### What to do
Range to copy from the entries below: the line containing "の 被害、原因、対策 について発表しました。" through the line containing "包括 Apple Music,早期极力宣传自己的歌单都由真人编辑,而非算法生成。但在", inclusive. Retype only those lines, exactly, without any images.

### Data extract
——

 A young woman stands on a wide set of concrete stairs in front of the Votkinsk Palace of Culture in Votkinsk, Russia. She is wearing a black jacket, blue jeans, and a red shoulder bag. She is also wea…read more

——

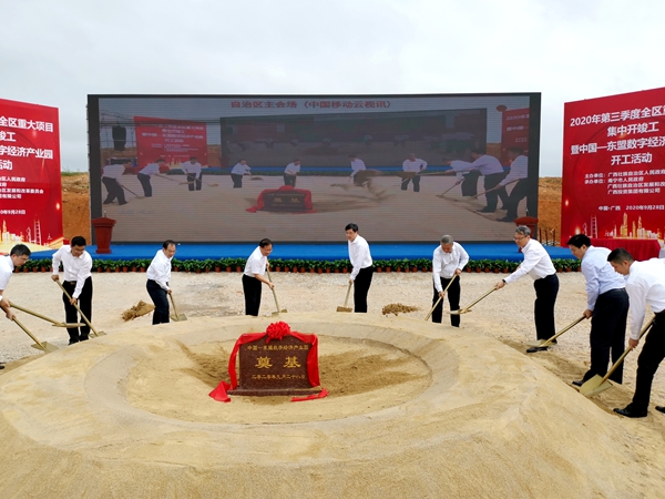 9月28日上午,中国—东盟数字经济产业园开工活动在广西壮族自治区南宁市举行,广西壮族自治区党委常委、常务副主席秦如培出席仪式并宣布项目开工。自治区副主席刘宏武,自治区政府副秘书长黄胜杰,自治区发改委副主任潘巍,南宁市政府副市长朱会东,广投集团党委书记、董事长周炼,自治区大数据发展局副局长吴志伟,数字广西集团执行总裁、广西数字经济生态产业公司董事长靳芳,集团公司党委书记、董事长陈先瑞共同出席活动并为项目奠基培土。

——

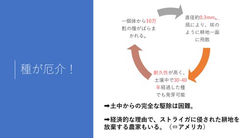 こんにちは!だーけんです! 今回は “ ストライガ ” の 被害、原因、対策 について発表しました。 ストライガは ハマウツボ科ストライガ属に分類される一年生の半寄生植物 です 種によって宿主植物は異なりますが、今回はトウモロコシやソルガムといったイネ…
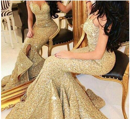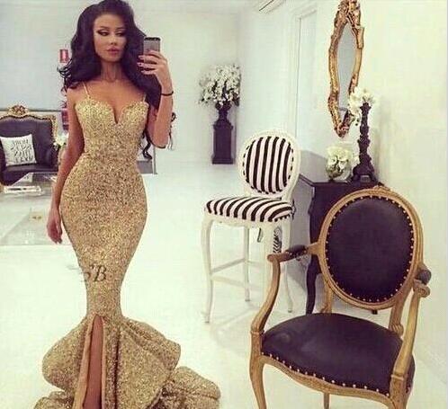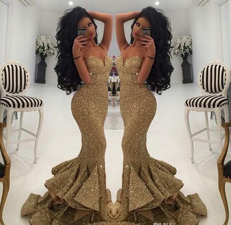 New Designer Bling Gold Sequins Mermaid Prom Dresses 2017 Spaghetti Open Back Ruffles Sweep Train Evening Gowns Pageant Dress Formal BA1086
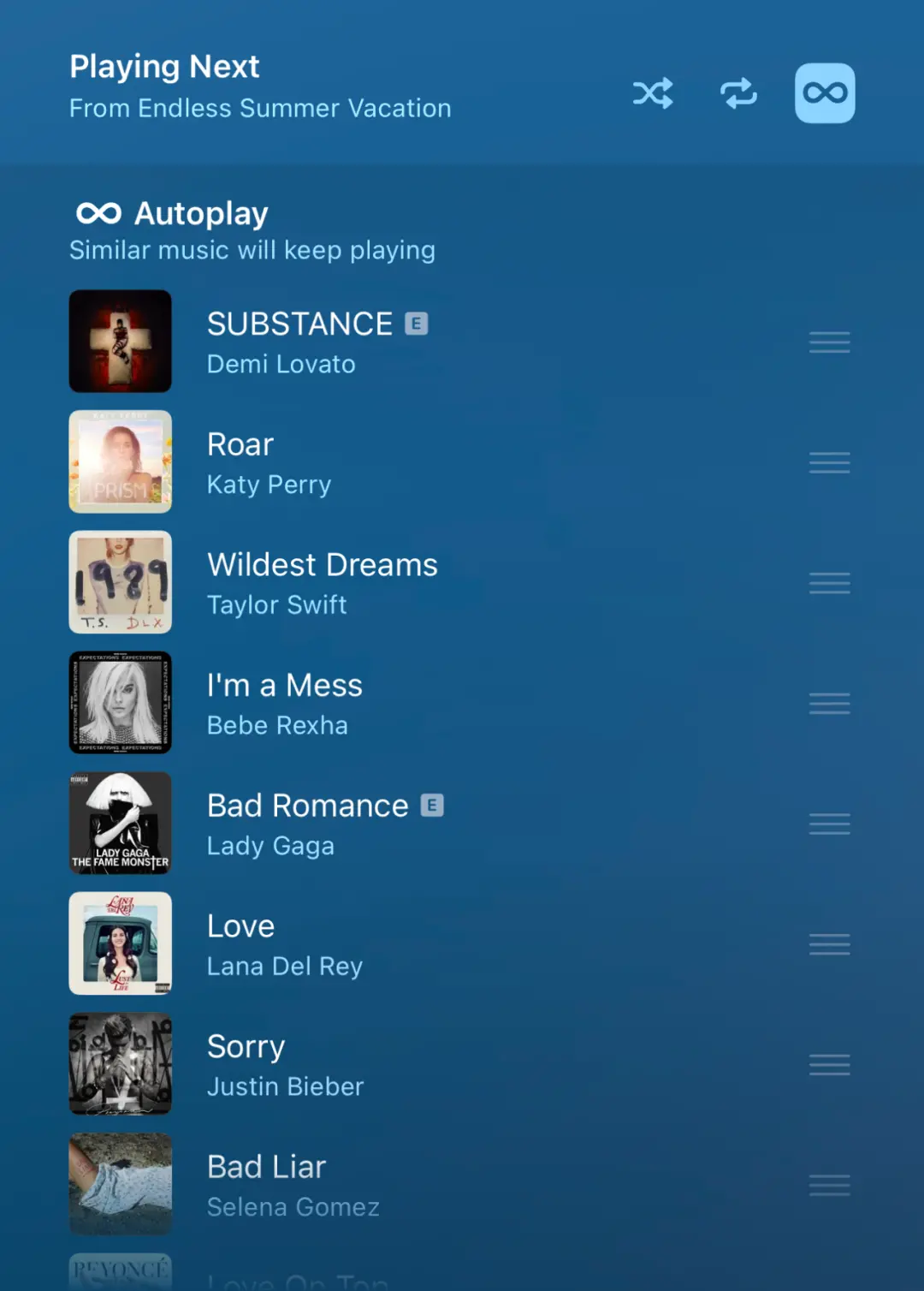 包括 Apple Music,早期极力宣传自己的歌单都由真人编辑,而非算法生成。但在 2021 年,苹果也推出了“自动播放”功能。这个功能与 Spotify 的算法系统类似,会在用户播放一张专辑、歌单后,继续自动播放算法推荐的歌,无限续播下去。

——

### Result of this exercise
 こんにちは!だーけんです! 今回は “ ストライガ ” の 被害、原因、対策 について発表しました。 ストライガは ハマウツボ科ストライガ属に分類される一年生の半寄生植物 です 種によって宿主植物は異なりますが、今回はトウモロコシやソルガムといったイネ…
 New Designer Bling Gold Sequins Mermaid Prom Dresses 2017 Spaghetti Open Back Ruffles Sweep Train Evening Gowns Pageant Dress Formal BA1086
 包括 Apple Music,早期极力宣传自己的歌单都由真人编辑,而非算法生成。但在 2021 年,苹果也推出了“自动播放”功能。这个功能与 Spotify 的算法系统类似,会在用户播放一张专辑、歌单后,继续自动播放算法推荐的歌,无限续播下去。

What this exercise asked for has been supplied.